Based upon our discussions to date, we are excited about further exploring with you the prospect of combining OMAX Corporation (“OMAX” or the “Company”) with Flow International Corporation (“Flow”). Subject to the terms hereof, OMAX grants Flow an exclusive option (“Option”) to complete negotiations with OMAX and to agree, under the terms and conditions below and subject to the approval of the shareholders of OMAX, to acquire all of the outstanding capital stock of the Company (the “Transaction”) for cash and stock as discussed more fully below (the “Consideration”).

The Transaction, as outlined below, will be essential to reasonably assure the best opportunities for success of the combined companies, Flow and OMAX together, in an increasingly competitive market. Opportunities in the market have greatly accelerated in recent years, as the benefits of the abrasive-jet machining process have become more widely accepted in an ever-increasing spectrum of client users. This strongly positive change in global market opportunity has also attracted multiple new competitors entering the market, including several more recent competitors who will continue to command, even following the Transaction, more financial, marketing, distribution and manufacturing resources than our combined resources.
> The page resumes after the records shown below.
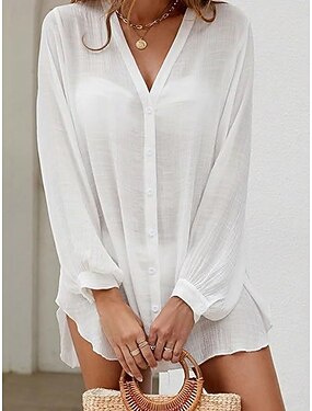 Femmes Mini Robe Robe Blanche Robe de Plage Robe noire Vêtement couvrant Élégant Mode Classique Quotidien Extérieur Plage Coupe Ample Uni manche longue Col en V Noir Blanche Été Printemps
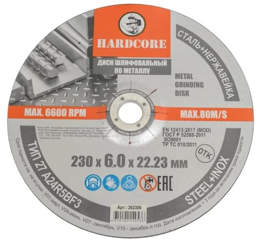 Диск шлифовальный по металлу нерж. сталь 230х6х22,23 мм "Hardcore" /5 шт. уп
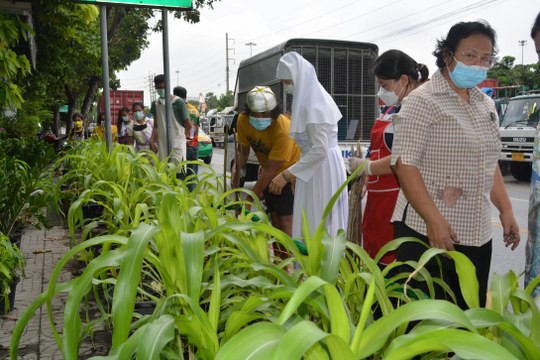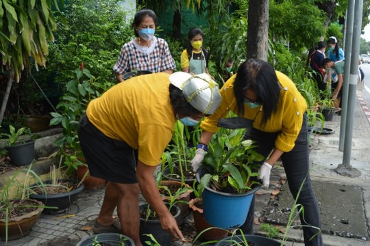 ประชาสัมพันธ์กิจกรรมของโรงเรียน ปีการศึกษา 2564 (23/09/2564) ...ประมวลภาพบรรยากาคณะผู้บริหาร คณะครูและเจ้าหน้าที่ กำลังร่วมมือร่วมใจกันปรับปรุงพื้นที่บริเวณหน้าโรงเรียนสามัคคีสงเคราะห์ ให้เป็นที่ปลูกสวนพืชผักและสวนสมุนไพร ในกิจกรรม สมุนไพรเพื่อชุมชนคลองเ
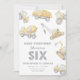 Six & Strong! Watercolor Construction Vehicle 6th Birthday Invitation
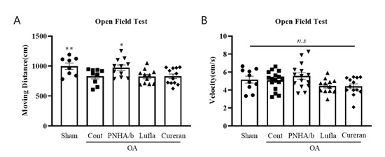 Unlike the grade-4 OA model (Figure 2), the mild grade-2 OA model exhibited a decrease in the moving distance, while the velocity remained comparable to that in the sham controls (Figure 5A,B). PNHA/b, Cureran, and Lufla demonstrated anti-inflammatory effects by reducing the amount of TNFα. However, when the locomotor activity was assessed through the OFT, the moving distance significantly improved only in the PNHA/b group, reaching a level comparable to that of the sham group (Figure 5A).
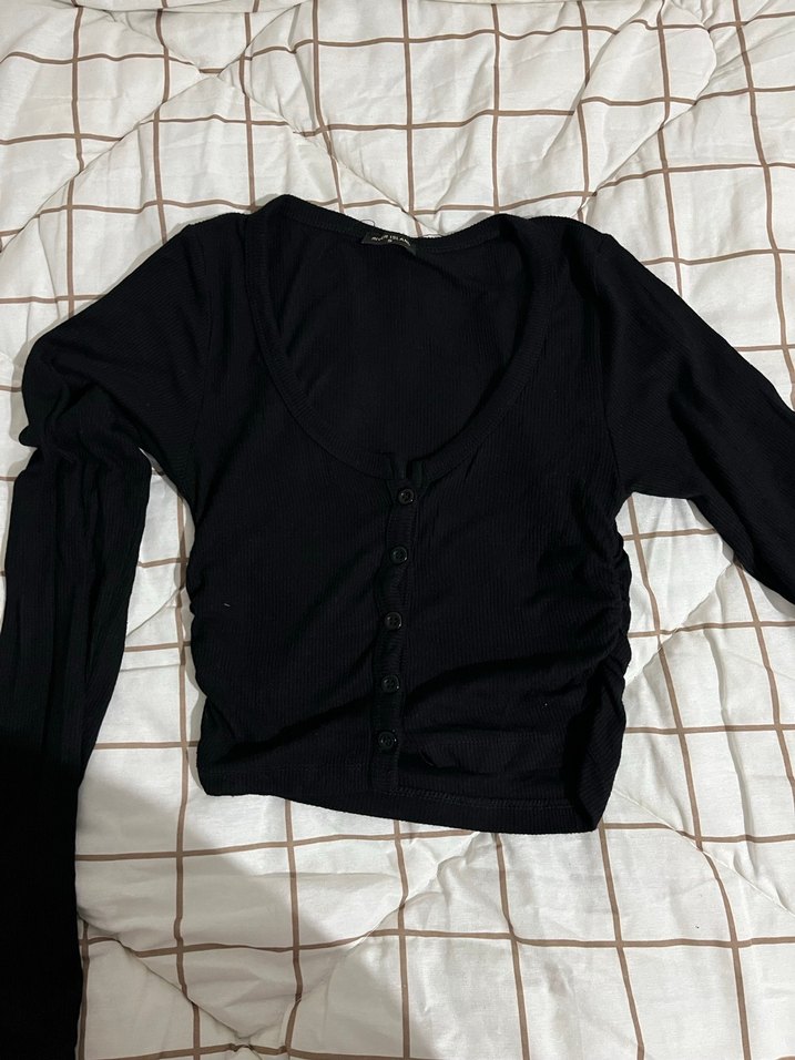 Siyah V Yaka Düğmeli Uzun Kollu İnce crop
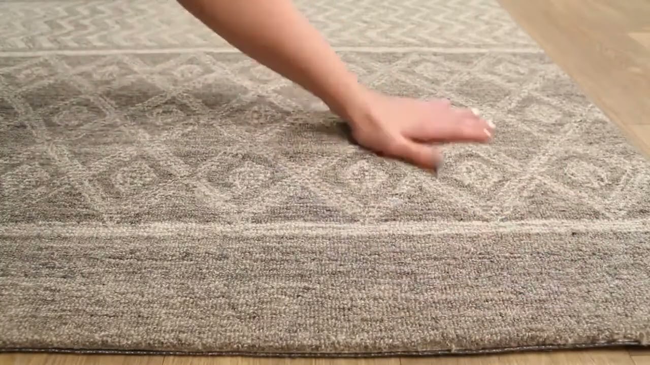 neutral paletteA warm, tonal palette of sandy beige and soft cream dominates the surface, with muted gray woven through the geometric motifs to create gentle contrast. The overall effect is calm and earthy — like natural linen and undyed wool layered together.
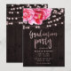 Invitación Luces de madera rústica rosa floral para fiesta de
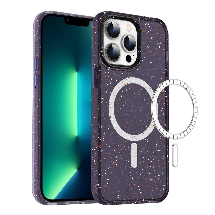 Estuche de teléfono híbrido TPU Magsafe para iPhone 13 Pro Max con salpicaduras de tinta colorida (Púrpura)
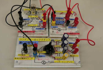 コンデンサーのリアクタンスと電球の明るさ | 60Hz交流電源に容量の異なる4種類のコンデンサーをつなぎ変え,電球に接続して明るさを観察する。電圧と電流の関係からリアクタンスを求める。コンデンサーの容量を変えて,リアクタンスと電気容量の関係を求める。 | |
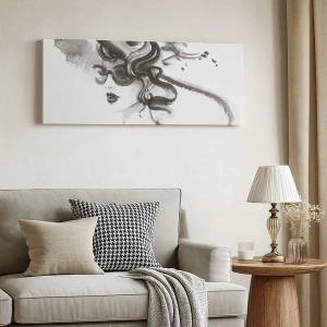 Bild auf Leinwand - Leinwandbild - Elegante Frau mit Hut im Schwarz-Weiß-Stil - 50x70cm - Eine Dame mit Charakter - Moderne Wanddekoration für Wohnzimmer und Schlafzimmer ARTTOR
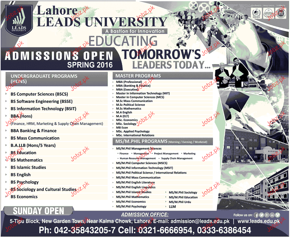 Lahore Leads University Admission in BS, MBA, BBA and MA in Lahore. Read newspaper ad for exact details.
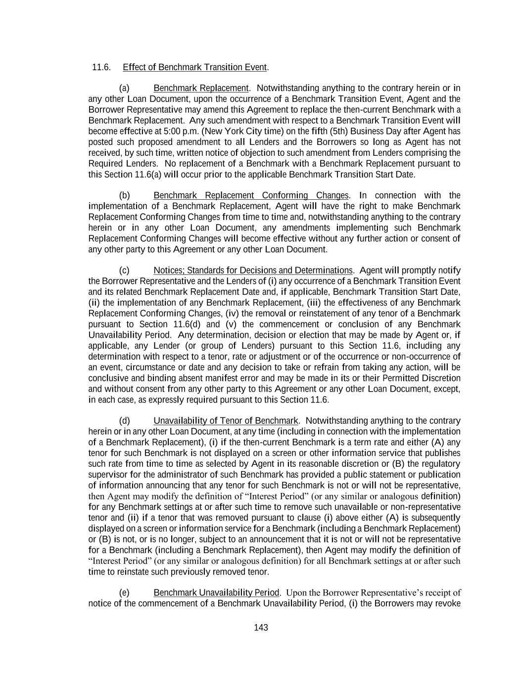 143 11.6. Effect of Benchmark Transition Event. (a) Benchmark Replacement. Notwithstanding anything to the contrary herein or in any other Loan Document, upon the occurrence of a Benchmark Transition Event, Agent and the Borrower Representative may amend this Agreement to replace the then-current Benchmark with a Benchmark Replacement. Any such amendment with respect to a Benchmark Transition Event will become effective at 5:00 p.m. (New York City time) on the fifth (5th) Business Day after Agent has posted such proposed amendment to all Lenders and the Borrowers so long as Agent has not received, by such time, written notice of objection to such amendment from Lenders comprising the Required Lenders. No replacement of a Benchmark with a Benchmark Replacement pursuant to this Section 11.6(a) will occur prior to the applicable Benchmark Transition Start Date. (b) Benchmark Replacement Conforming Changes. In connection with the implementation of a Benchmark Replacement, Agent will have the right to make Benchmark Replacement Conforming Changes from time to time and, notwithstanding anything to the contrary herein or in any other Loan Document, any amendments implementing such Benchmark Replacement Conforming Changes will become effective without any further action or consent of any other party to this Agreement or any other Loan Document. (c) Notices; Standards for Decisions and Determinations. Agent will promptly notify the Borrower Representative and the Lenders of (i) any occurrence of a Benchmark Transition Event and its related Benchmark Replacement Date and, if applicable, Benchmark Transition Start Date, (ii) the implementation of any Benchmark Replacement, (iii) the effectiveness of any Benchmark Replacement Conforming Changes, (iv) the removal or reinstatement of any tenor of a Benchmark pursuant to Section 11.6(d) and (v) the commencement or conclusion of any Benchmark Unavailability Period. Any determination, decision or election that may be made by Agent or, if applicable, any Lender (or group of Lenders) pursuant to this Section 11.6, including any determination with respect to a tenor, rate or adjustment or of the occurrence or non-occurrence of an event, circumstance or date and any decision to take or refrain from taking any action, will be conclusive and binding absent manifest error and may be made in its or their Permitted Discretion and without consent from any other party to this Agreement or any other Loan Document, except, in each case, as expressly required pursuant to this Section 11.6. (d) Unavailability of Tenor of Benchmark. Notwithstanding anything to the contrary herein or in any other Loan Document, at any time (including in connection with the implementation of a Benchmark Replacement), (i) if the then-current Benchmark is a term rate and either (A) any tenor for such Benchmark is not displayed on a screen or other information service that publishes such rate from time to time as selected by Agent in its reasonable discretion or (B) the regulatory supervisor for the administrator of such Benchmark has provided a public statement or publication of information announcing that any tenor for such Benchmark is not or will not be representative, then Agent may modify the definition of “Interest Period” (or any similar or analogous definition) for any Benchmark settings at or after such time to remove such unavailable or non-representative tenor and (ii) if a tenor that was removed pursuant to clause (i) above either (A) is subsequently displayed on a screen or information service for a Benchmark (including a Benchmark Replacement) or (B) is not, or is no longer, subject to an announcement that it is not or will not be representative for a Benchmark (including a Benchmark Replacement), then Agent may modify the definition of “Interest Period” (or any similar or analogous definition) for all Benchmark settings at or after such time to reinstate such previously removed tenor. (e) Benchmark Unavailability Period. Upon the Borrower Representative’s receipt of notice of the commencement of a Benchmark Unavailability Period, (i) the Borrowers may revoke
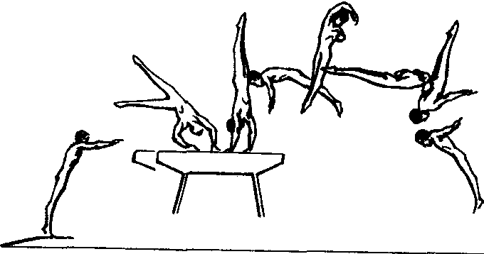 | 释义 | 侧手翻内转90°直体后空翻转体360° 侧手翻内转90°直体后空翻转体360°男子支撑跳跃高难度动作之一,推手形成的支撑反作用力,通过人体总重心的后方,使身体产生同向转动进入腾空,属复合多轴型动作。1978年第19届世界体操锦标赛上,前苏联女选手涅利·金曾以它力挫群芳,再次登上女子跳马世界冠军的宝座。此后,前苏联沙波什尼柯娃、美国弗雷德里克、保加利亚斯托加诺娃以及美国雷顿都分别以它夺得1980~1984年历届世界大赛的金奖,成为红极一时的动作。运动形态特征是:跳转180°经手倒立推起,空中做直体后空翻转体360°。技术要点:含胸起跳后,上体侧转下压,两臂伸向器械,同时腰部侧吊带动下肢完成转体上至倒立部位(稍有背弓),紧接回腿上顶并突然制动。推离后,两臂顺势摆起向上梗头立腰,当人体刚开始按横轴翻转时,两臂胸前抱拢(右臂左旋带动头部左转),此时配合向上兜髋并绷紧身体进入连翻带转的复合运动,当翻转成俯势时,立即两臂侧伸,梗头立腰抬起上体,随后挺胸出髋,两腿后伸准备落地。当练习者熟练地掌握侧手翻内转90°团身后空翻转体360°的技术后,可在助力下练习接直体后空翻。保护者位于马前侧高位上,推离后抄托臀部助其直体翻转。随着动作熟练,则通过逐渐加高落点垫子,进一步要求直体翻转的速度(开始可加助力)。当能较自如地独立完成动作时,则将马放置在海绵坑边进行练习,接做直体后空翻转体360°的完整动作。

The Transaction represents our best mutual strategy to meet these evolving competitive challenges.

A. Due Diligence; Definitive Agreements

Flow and OMAX have entered into a Nondisclosure Agreement dated October 24, 2007 (the “Nondisclosure Agreement”) that included (as Exhibit A thereto) due diligence items which were produced and reviewed (subject to certain agreed protocols) prior to the signing of this Option. The parties agree that additional and supplemental due diligence will occur following the execution of this Option. This Option is conditioned upon the mutual agreement of Flow and OMAX to move forward expeditiously and to supplement and complete all remaining due diligence (except with respect to those items of due diligence as set forth in Exhibit A to this Option Agreement, which the parties agree shall not be provided prior to signing the Definitive Agreements (as defined below), but shall be provided as soon as practicable thereafter) and to negotiate in a commercially reasonable manner and sign mutually acceptable definitive agreements for the Transaction (the “Definitive Agreements”) prior to the expiration of the Exclusivity Period (as defined below). If, as part of its remaining due diligence review or in connection with the preparation of the Definitive Agreements, Flow discovers facts or circumstances which would lead it to alter the terms or structure of the Transaction described herein, Flow shall promptly notify the Company, and the parties may agree to adjust the Consideration accordingly. OMAX understands that the amounts of Consideration set forth below in paragraphs B.3, B.4 and B.5 are predicated on the confirmation following due diligence of certain limited financial information OMAX has shared with Flow.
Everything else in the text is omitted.